* **Action item**
The copy has to match the data exactly and leave out every picture.

BEGIN Records provided

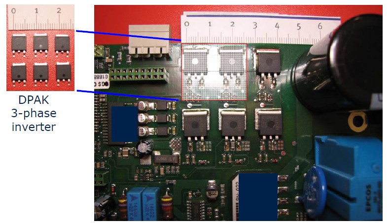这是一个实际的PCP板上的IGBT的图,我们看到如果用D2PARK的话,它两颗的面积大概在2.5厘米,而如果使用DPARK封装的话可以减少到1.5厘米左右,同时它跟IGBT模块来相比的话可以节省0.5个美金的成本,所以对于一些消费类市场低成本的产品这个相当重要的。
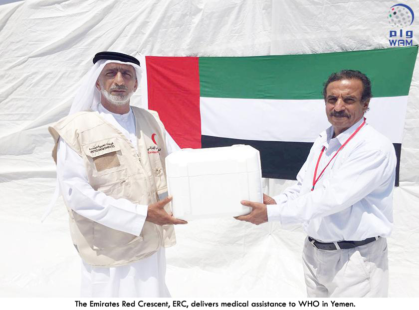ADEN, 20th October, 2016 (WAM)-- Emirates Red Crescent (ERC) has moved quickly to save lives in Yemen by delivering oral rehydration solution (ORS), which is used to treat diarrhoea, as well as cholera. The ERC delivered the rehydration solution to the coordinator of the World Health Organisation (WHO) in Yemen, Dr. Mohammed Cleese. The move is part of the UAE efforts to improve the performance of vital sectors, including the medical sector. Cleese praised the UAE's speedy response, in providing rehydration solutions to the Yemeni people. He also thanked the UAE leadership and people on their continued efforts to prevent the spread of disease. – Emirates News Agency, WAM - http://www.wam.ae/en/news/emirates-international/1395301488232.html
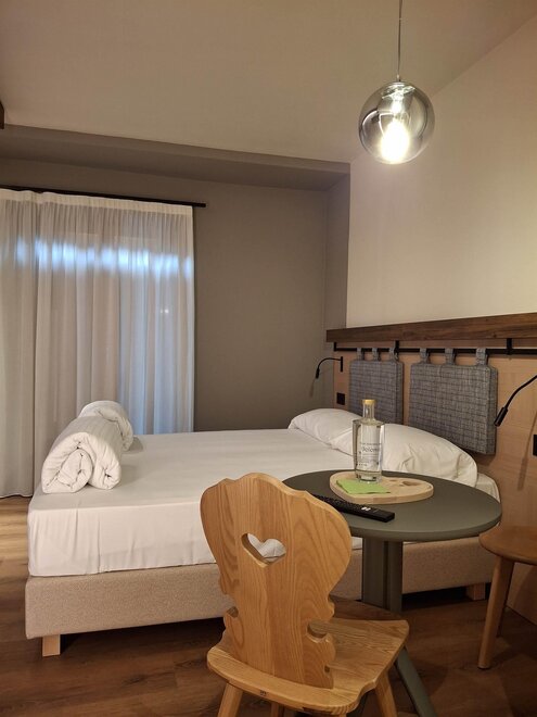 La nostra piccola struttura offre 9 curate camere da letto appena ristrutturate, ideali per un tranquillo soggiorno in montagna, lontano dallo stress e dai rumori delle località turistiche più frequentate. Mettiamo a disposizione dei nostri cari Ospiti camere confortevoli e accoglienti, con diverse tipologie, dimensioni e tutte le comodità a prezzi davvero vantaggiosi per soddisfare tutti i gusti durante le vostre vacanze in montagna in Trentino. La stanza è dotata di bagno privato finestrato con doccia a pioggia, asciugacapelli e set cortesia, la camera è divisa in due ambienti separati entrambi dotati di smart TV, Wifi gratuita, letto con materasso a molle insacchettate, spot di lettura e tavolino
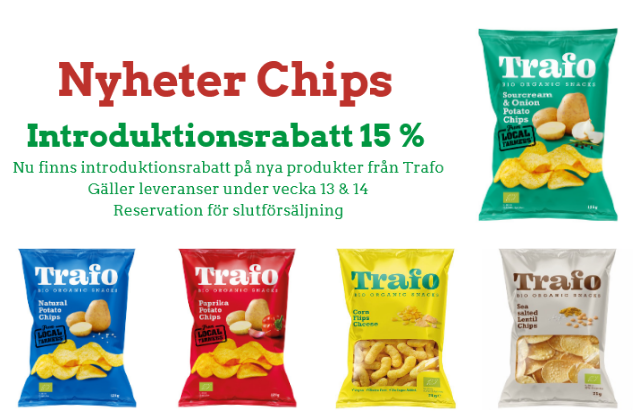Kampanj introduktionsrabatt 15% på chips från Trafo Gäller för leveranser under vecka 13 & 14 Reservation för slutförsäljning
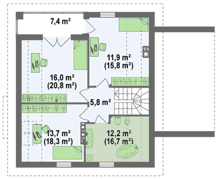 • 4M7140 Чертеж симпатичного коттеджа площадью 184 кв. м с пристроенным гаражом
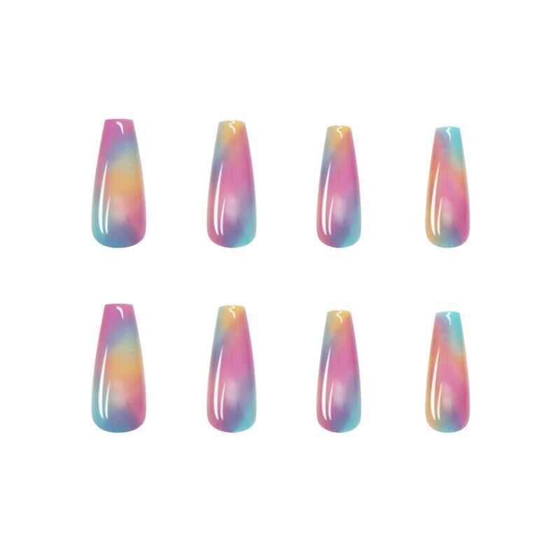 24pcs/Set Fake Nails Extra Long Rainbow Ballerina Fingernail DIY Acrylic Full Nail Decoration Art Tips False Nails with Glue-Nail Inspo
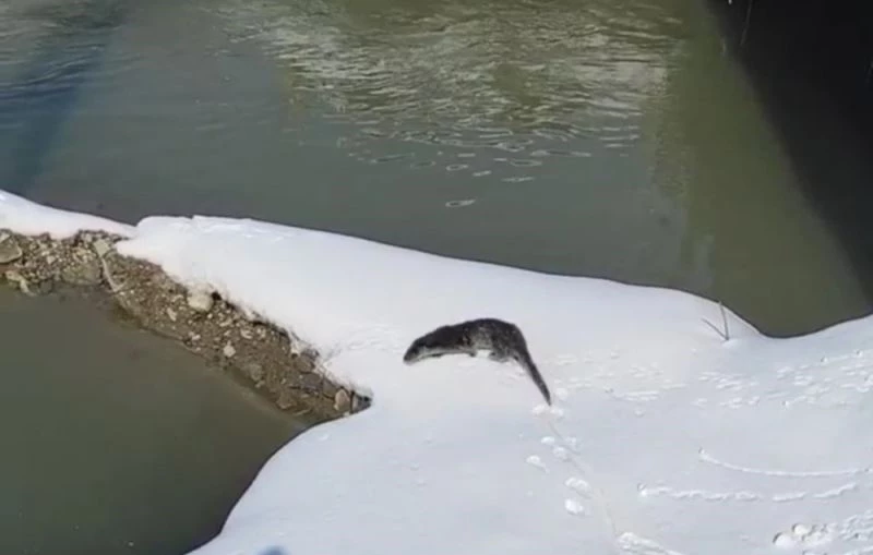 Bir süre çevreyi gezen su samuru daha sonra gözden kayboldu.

END Records provided

* **Answer for this exercise**
这是一个实际的PCP板上的IGBT的图,我们看到如果用D2PARK的话,它两颗的面积大概在2.5厘米,而如果使用DPARK封装的话可以减少到1.5厘米左右,同时它跟IGBT模块来相比的话可以节省0.5个美金的成本,所以对于一些消费类市场低成本的产品这个相当重要的。
ADEN, 20th October, 2016 (WAM)-- Emirates Red Crescent (ERC) has moved quickly to save lives in Yemen by delivering oral rehydration solution (ORS), which is used to treat diarrhoea, as well as cholera. The ERC delivered the rehydration solution to the coordinator of the World Health Organisation (WHO) in Yemen, Dr. Mohammed Cleese. The move is part of the UAE efforts to improve the performance of vital sectors, including the medical sector. Cleese praised the UAE's speedy response, in providing rehydration solutions to the Yemeni people. He also thanked the UAE leadership and people on their continued efforts to prevent the spread of disease. – Emirates News Agency, WAM - http://www.wam.ae/en/news/emirates-international/1395301488232.html
 La nostra piccola struttura offre 9 curate camere da letto appena ristrutturate, ideali per un tranquillo soggiorno in montagna, lontano dallo stress e dai rumori delle località turistiche più frequentate. Mettiamo a disposizione dei nostri cari Ospiti camere confortevoli e accoglienti, con diverse tipologie, dimensioni e tutte le comodità a prezzi davvero vantaggiosi per soddisfare tutti i gusti durante le vostre vacanze in montagna in Trentino. La stanza è dotata di bagno privato finestrato con doccia a pioggia, asciugacapelli e set cortesia, la camera è divisa in due ambienti separati entrambi dotati di smart TV, Wifi gratuita, letto con materasso a molle insacchettate, spot di lettura e tavolino
Kampanj introduktionsrabatt 15% på chips från Trafo Gäller för leveranser under vecka 13 & 14 Reservation för slutförsäljning
 • 4M7140 Чертеж симпатичного коттеджа площадью 184 кв. м с пристроенным гаражом
 24pcs/Set Fake Nails Extra Long Rainbow Ballerina Fingernail DIY Acrylic Full Nail Decoration Art Tips False Nails with Glue-Nail Inspo
 Bir süre çevreyi gezen su samuru daha sonra gözden kayboldu.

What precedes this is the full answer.